13 Lettres

Je ne savais pas.
Treize lettres.
Treize lettres dont cinq de trop.
Treize lettres pour une amnésie programmée, éduquée, partagée, admise et polissée qui constitue, à elle seule, la mortifère complainte de notre humanité face à sa coupable complaisance et à sa lâcheté.
Hé bien quoi l’ami ?… un coup de spleen ? C’est l’approche du bac et la distribution annuelle des sujets de Philo qui te met dans cet état ?
Tu parles ! (enfin… tu écris !) …comme si j’avais besoin de cela !
Dans cette copie du bac que je n’ai jamais rendue pour avoir, bien avant l’heure légale, voulu suivre le lapin blanc, je glisserai volontiers -histoire de m’étiqueter, plus que jamais, cancre - le choix hollywoodien offert à Néo dans Matrix. Prendre la pilule bleue et retourner à une stérile mais indolore ignorance ou prendre la rouge pour maintenir une pleine conscience du grand bain-marie dans lequel nous mijotons ?
Ma réponse varie toujours suivant les lieux, les heures et la souffrance.
Mais il y a ces treize lettres.
D’une parfaite commodité.
Je ne savais pas.
Les guerres, quelque soient leurs motifs… les génocides, les inquisitions et tortures.
Je ne savais pas.
L’instinct de domination, l’exploitation, l’esclavage.
Je ne savais pas.
Le mensonge, la duplicité, la trahison.
Je ne savais pas.
L’arrogance, le mépris, le cynisme.
Je ne savais pas.
La beauté et le naturel équilibre de ce monde que nous nous évertuons, non sans talent, à détruire.
Je ne savais pas.
L’inoxydable persistance de l’être humain à prétendre qu’il ignore tout en parvenant, par lui même, à s’en convaincre si bien.
Je ne savais pas… ou presque.
La lumière dorée qui rase la terrasse sur laquelle vagabondent mes pensées est d’une douceur câline qui contraste de manière cinglante avec les quelques mots que j’ai croisés hier, par hasard, dans la bouche d’un spectateur de Home… pensif devant son écran d’ordinateur.
- “Mais pourquoi ces infos, la réalité, les chiffres ne sont ils pas davantage exposés au regard de tous ? …on ne trouve pas cela sur Net ?”
“Les chiffres sont ils le juste reflet d’une réalité ?” Cela pourrait constituer une autre intéressante question pour l’épreuve de Philo d’un prochain millésime. En attendant ils existent, bien sur… sur le net comme ailleurs pour peu que l’on souhaite les consulter et cela m’a rappelé l’existence de deux sites - pourtant déjà (très) massivement visités mais, de toute évidence, toujours à (re)découvrir. L’occasion de relayer, une millionième fois, leurs adresses et cela même s’ils ne sont pas, convenons en, d’une rigueur scientifique absolue. Ils n’en demeurent pas moins, à l’usage, de modestes mais frappants outils de… méditation ! (si peu transcendantale qu’elle soit)
Le premier est le planisphère crée par David Beja pour Breathingearth.net. En utilisant des données externes (CIA World Factbook pour la population, United Nations Statistics Division pour le CO2) il affiche notamment -façon temps réel- les naissances, décès et la consommation de Co2 par pays. Le site est en Anglais mais cela ne gène en rien la vision de la carte. Si vous vous débrouillez mieux dans la langue, n’hésitez pas a profiter des précisions situées en bas de page…

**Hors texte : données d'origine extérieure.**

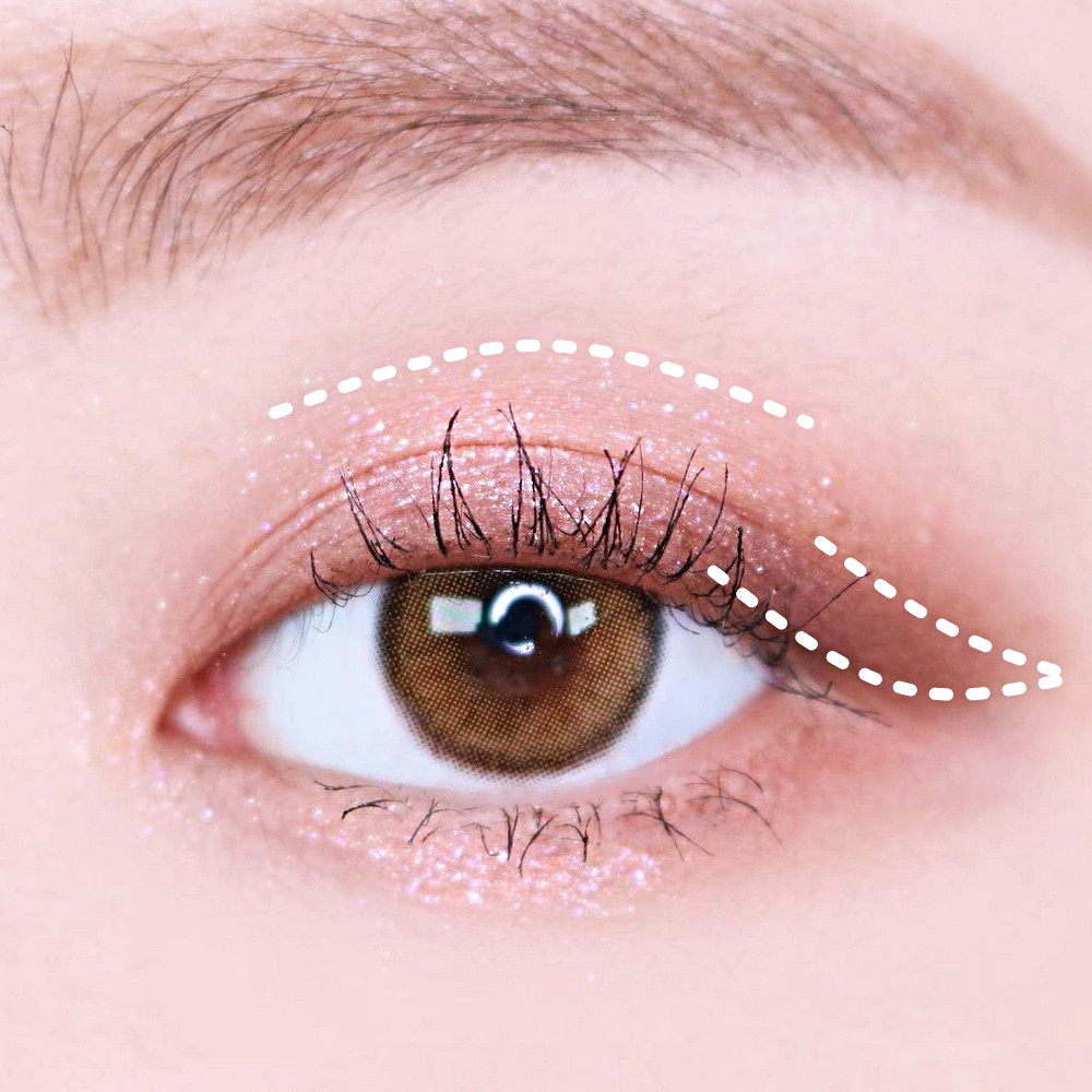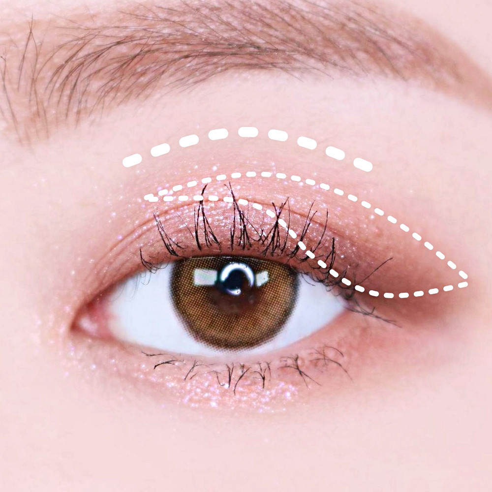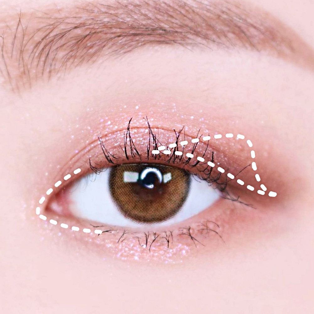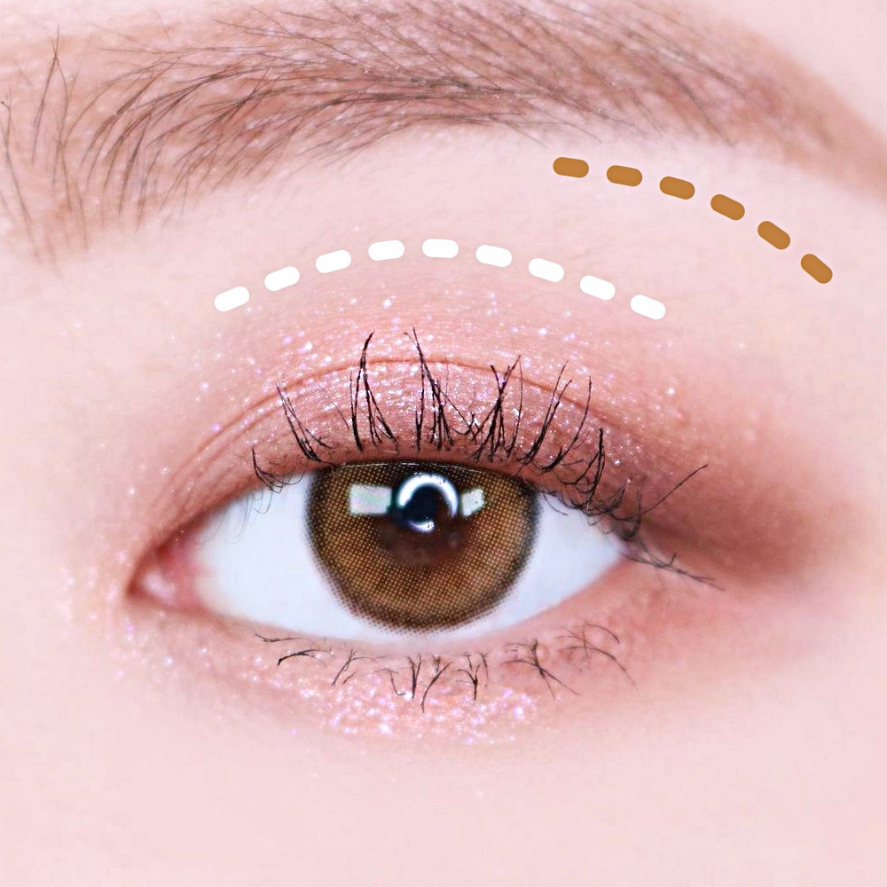 凹陷眼的眼型需要透過打亮與陰影,達到視覺上修飾凹陷感的效果,在凹陷的眼窩最深的那一條線上稍微畫上淺色、或亮色眼影當作打亮,而凸起的眉弓骨則畫上深色的陰影色,幫助凹陷的眼型有膨起的感覺。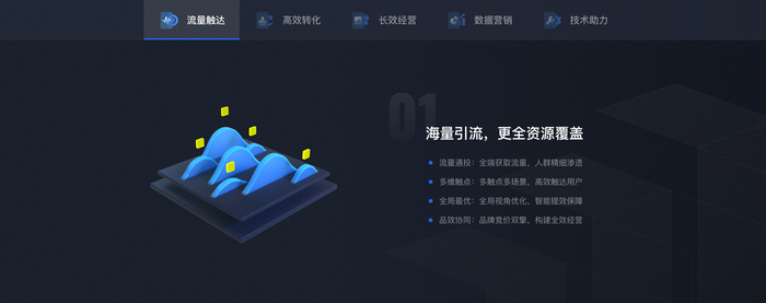 目前商家、MCN/达人等处在竞争愈发激烈的电商营销环境之中,平台所能提供的营销价值成为大家最为关注的核心。瞄准这一需求,巨量千川官网专门设置「产品价值」模块,借助平台的流量触达、高效转化、长效经营、数据营销、技术助力等优势,帮助商家、达人们快速详细了解平台所带来的营销价值。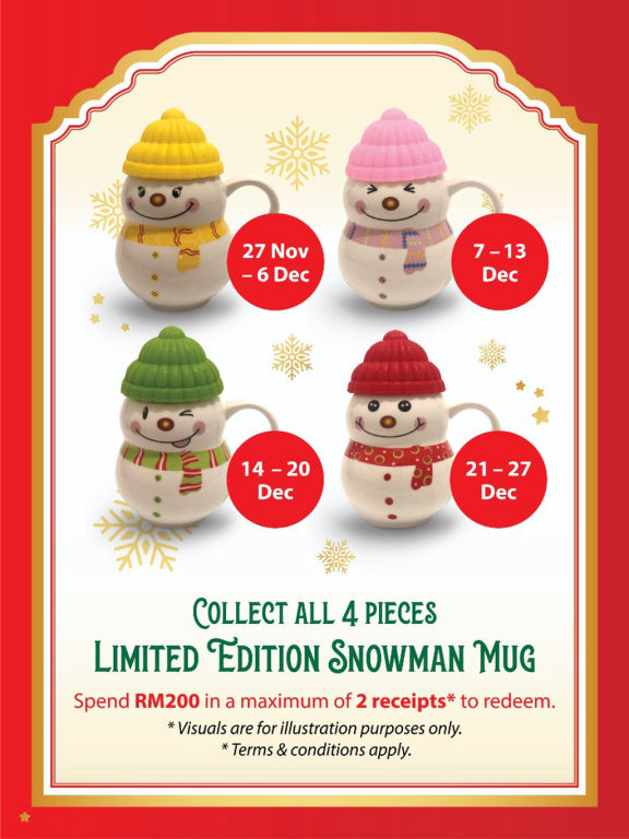 Shop for your festive essentials🎄 and redeem a Limited-Edition Snowman Mug when you spend RM200 in a maximum of 2 receipts!😮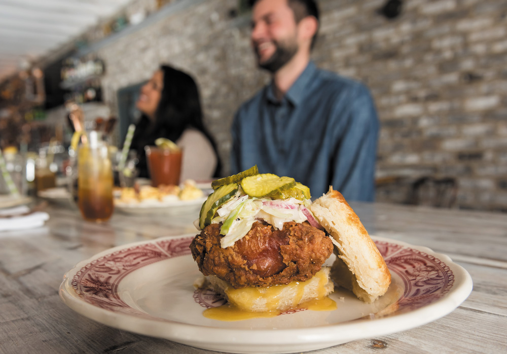 The Carolina-inspired, crispy fried chicken sandwich is a popular pick at Haberdish in Charlotte.
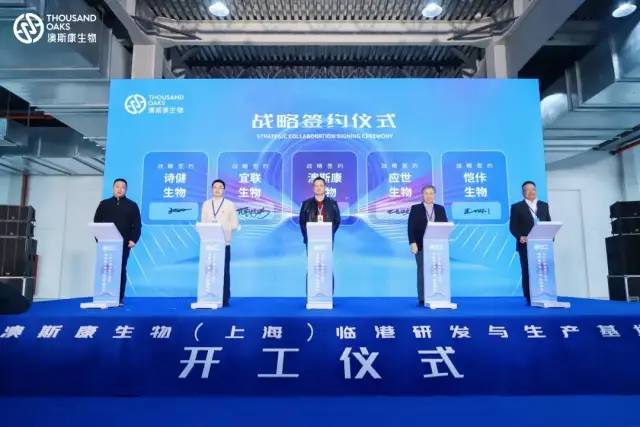 在开工仪式上,澳斯康生物分别与上海诗健生物科技有限公司、宜联生物(苏州)有限公司、应世生物科技(南京)有限公司和恺佧生物科技(上海)有限公司签订战略合约。

Le second est certes imoins graphique mais pourtant d’un effet absolument garanti. Le célèbre Worldometers.info est généré par une équipe internationale de développeurs, chercheurs et bénévoles dans le but -citons les- “de rendre les statistiques mondiales disponibles au plus large public dans le monde dans un format qui fait réfléchir”. Pari gagné jusque là…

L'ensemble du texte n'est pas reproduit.